A Cursed Series of Events
Friday was a cursed day. Of course, if we weren’t trying to do crazy, stupid things that adults should know better than, much of the bad wouldn’t happen. Like when I spilled my coffee all over the cabinet and floor and I kicked the grounds into a pile on the kitchen floor until I was doing floors again and it got damp somehow and turned into tar.
Like when we went to put the trapped fruit flies out the back window and had the light on and as many moths flew in as flies flew out and Jimmy couldn’t catch them, so we decided to turn on the flashlights near the glass, except the moths wouldn’t come out of the light shade, and he removed the finial and nearly dropped the shade on us <but we did not learn> and did drop everything else and the moths still wouldn’t be captured, and we gave up and tried to put the shade back on the ceiling light <no chair> by me holding Jimmy around the waist as he wobbled on his tiptoes and reached beyond his grasp to try to one handed hold up the glass and screw on the thing and instead it came crashing down <miraculously missing both our heads> and in a resounding explosion shattered tiny spires of glass into our mattress <did I mention it’s an air bed?> and somehow under both of my sock feet and all over the landscape of the wooden floor <which is old and filled with cracks now home to glass shards awaiting feet for burial> in forms from glass powder to nasty sharp chunks, white, yet somehow invisible to the eye.
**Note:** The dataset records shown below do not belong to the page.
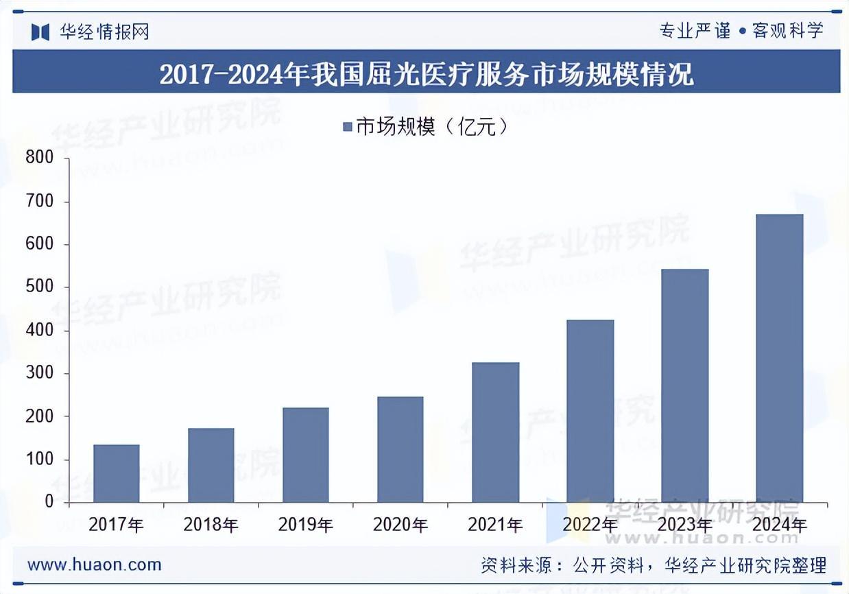 近年来,我国政府高度重视眼健康事业,通过实施一系列政策措施,不断提升近视防控和矫治水平。这一背景下,我国屈光医疗服务市场迎来了快速增长的机遇。我国市场规模将持续扩大,成为全球屈光医疗市场的重要增长极。2024年我国屈光医疗服务市场规模为671.3亿元,同比增长23%。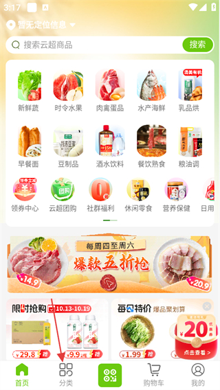 1、進入清美云超,在首頁點擊底部分類,進入分類頁面。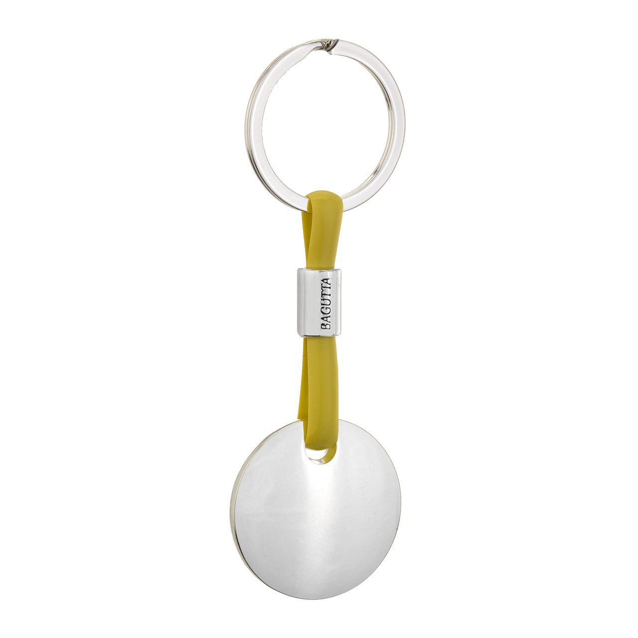 PORTACHIAVI SILVER PLATED CON TARGHETTA TONDA CORDONE IN SILICONE SENAPE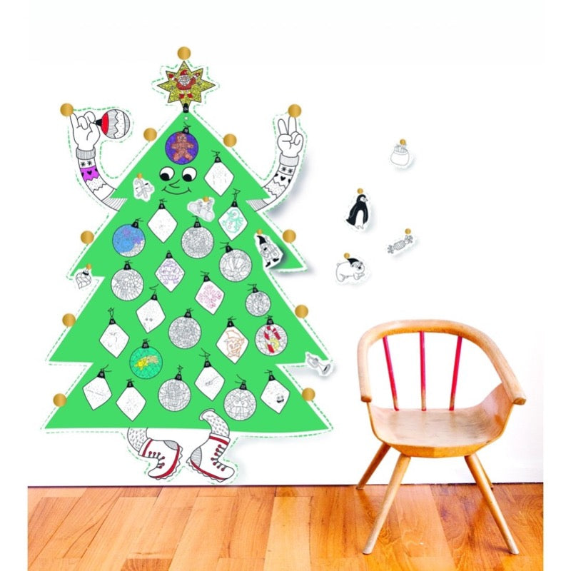 giant poster of a christmas tree to color, decorate and cut out...includes a sticker sheet of ornaments for more fun. 25 games to play and color, one for every day of december until christmas day! stick cut out tree to your wall for a beautiful and festive decoration.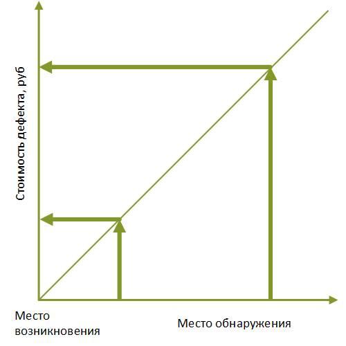 Не секрет, что стоимость дефектного изделия (см. рисунок 10.27) возрастает в разы по мере отдаления его от места возникновения, т. е. самым дешёвым окажется дефект, обнаруженный создавшим его работником в месте возникновения, а самым дорогим – дефект, вернувшийся в виде рекламации от Заказчика. Идеальное состояние в этой ситуации – обнаружение дефекта не в месте его возникновения, а на стадии проработки конструкторской и технологической документации при анализе рисков возникновения дефектов. Применительно к КПСЦ мы работаем с уже имеющимся уровнем брака и фактическими цифрами, которые необходимо сократить. Да, в результате в рассматриваемом потоке всё равно останутся дефекты, но они должны быть известны и незначительны, а поток выровнен.

We won’t even discuss the nightmare and still blue air resulting from the cursing over trying to get a ball back onto one of my piercings. Earrings and balls were dropped into every filthy corner and sink drain in three rooms of the house.
We went to town. Everywhere we went were people we know from the horrible place. Gah. At the gas station, my card wouldn’t read in the machine. I sit on it when it’s hot and it is all warped. The attendant didn’t believe me, came out to help me. He watched me run it through many times, then he ran it through. Finally he had to admit I was right. Then he “helped” me pump my gas by talking me through every step. Did I look simple? I had trouble with the machine, not the pump. Jeez, I know I look 16 sometimes, but I have pumped gas before. Although it did take me two tries to park close enough to the pump…
I had to renew my license. I went to the door everyone was using and it wouldn’t open. I checked the hours, checked the door. I went to the other door. It opened fine. Then others used the same door I couldn’t make work??
Inside, all of the women working there looked like they were clones–same hair, same glasses, same age and weight and clothes. Eee. I went to the desk and the lady asked if any of my stats had changed. My weight was listed as 160, but I said no. Then she said I don’t look 160. I said, well, actually I am 170. She said NO YOU ARE NOT. I said Yes, I am. She said there is NO WAY YOU ARE 170. I said unless my scale is broken, I definitely am. She left my license at 160, because she couldn’t make herself say 170 when I am too thin for it to be possible.